Once upon a time, Roel de Rooy <RdeRooy(a)motto.nl> said:
We are observing the same thing with our oVirt environment.
At random moments (could be a couple of times a day , once a day or even once every
couple of days), we receive the "VDSNetworkException" message on one of our
nodes.
Haven't seen the "heartbeat exceeded" message, but could be that I
overlooked it within our logs.
At some rare occasions, we also do see "Host cannot access the Storage Domain(s)
<UNKNOWN> attached to the Data Center", within the GUI.
VM's will continue to run normally and most of the times the nodes will be in
"UP" state again within the same minute.
Will still haven't found the root cause of this issue.

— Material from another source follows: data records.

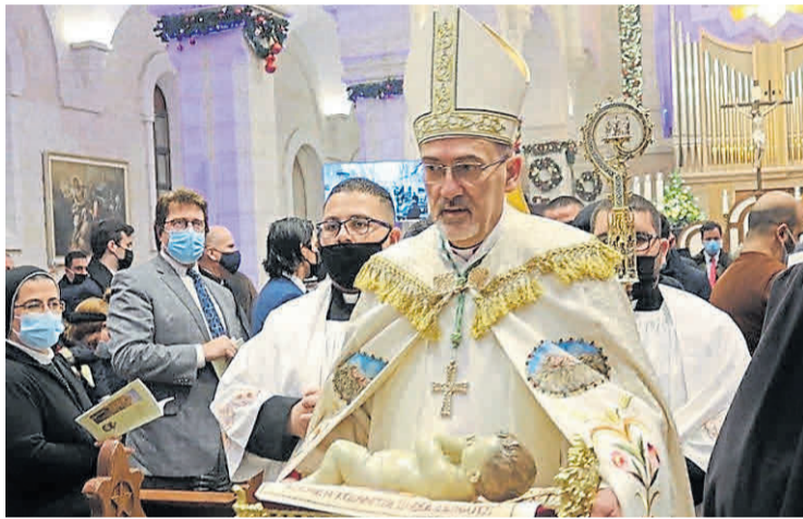
Otra Navidad. El patriarca latino en la celebración del año pasado.

Los patriarcas y líderes de las Iglesias de Jerusalén decidieron este año que en la ciudad de Belén no se instalara, como es costumbre, el gigantesco árbol navideño ni se encenderán sus luces de colores e invitaron a sus sacerdotes y fieles a
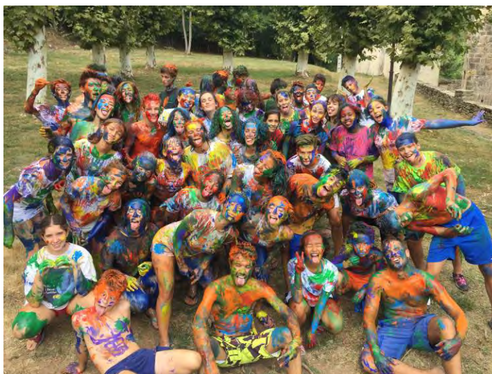
Colònies a Puigpardines
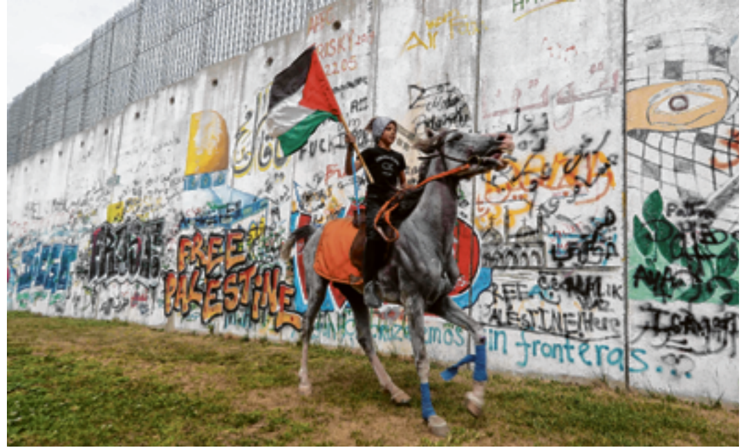
Realität 2003: Palästinensischer Bub mit Fahne an der Sperrmauer, die Israel und die größten Siedlungsblöcke von den Palästinensern abtrennt. Die Gewalt hat zuletzt wieder zugenommen.

Our engine is CentOS 6.6 based and it's happing with both Centos 6 and Fedora 20
nodes.
We are using a LCAP bond of 1Gbit ports for our management network.

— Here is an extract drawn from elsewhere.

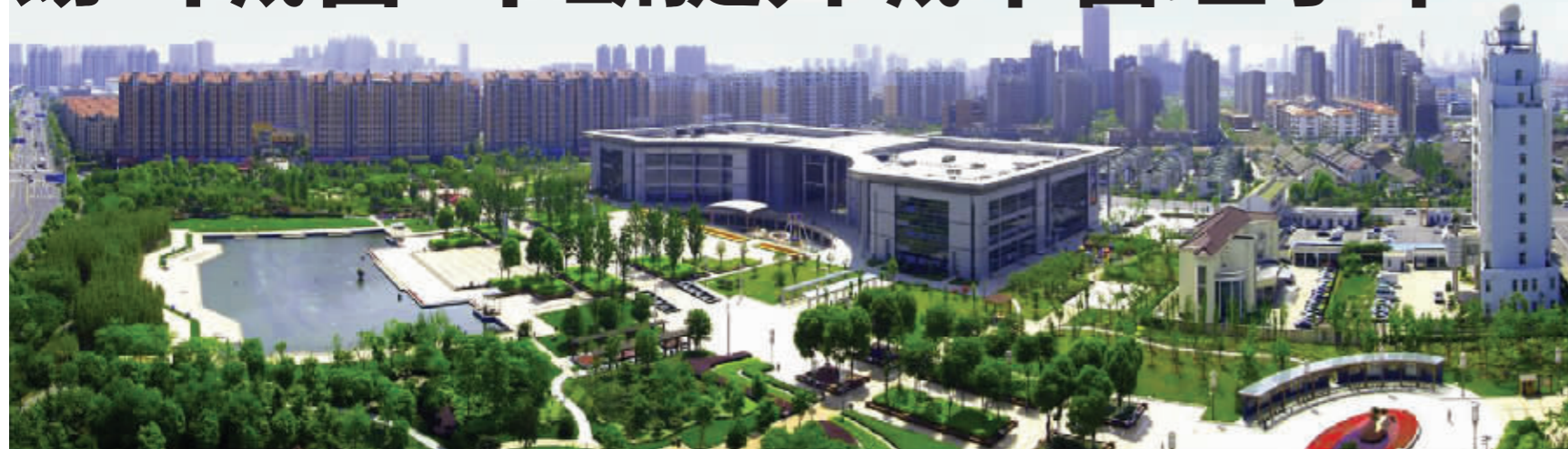
馨和园鸟瞰图

锡山城管自建局以来14年风雨兼程,始终不忘初心、砥砺前行,通过多渠道倾听民声,多角度体察民情,多手段排解民忧,多举措研究措施,不断提高城市管理水平。今年以来,以创建江苏省优秀管理城市工作为契机,锡山城管增强做好城市管理工作的主动性和积极性,认真及时解决群众反映强烈的城市环境问题,加快推进城市设施配套,持续优化城市管理机制,带动了锡山整体环境面貌和形象品位的提升。

As we didn't see any reports about this before, we are currently looking if something
network related is causing this.
I just opened a BZ on it (since it isn't just me):
https://bugzilla.redhat.com/show_bug.cgi?id=1201779
My cluster went a couple of days without hitting this (as soon as I
posted to the list of course), but then it happened several times
overnight. Interestingly, one error logged was communicating with the
node currently running my hosted engine. That should rule out external
network (e.g. switch and such) issues, as those packets should not have
left the physical box.
--
Chris Adams <cma(a)cmadams.net>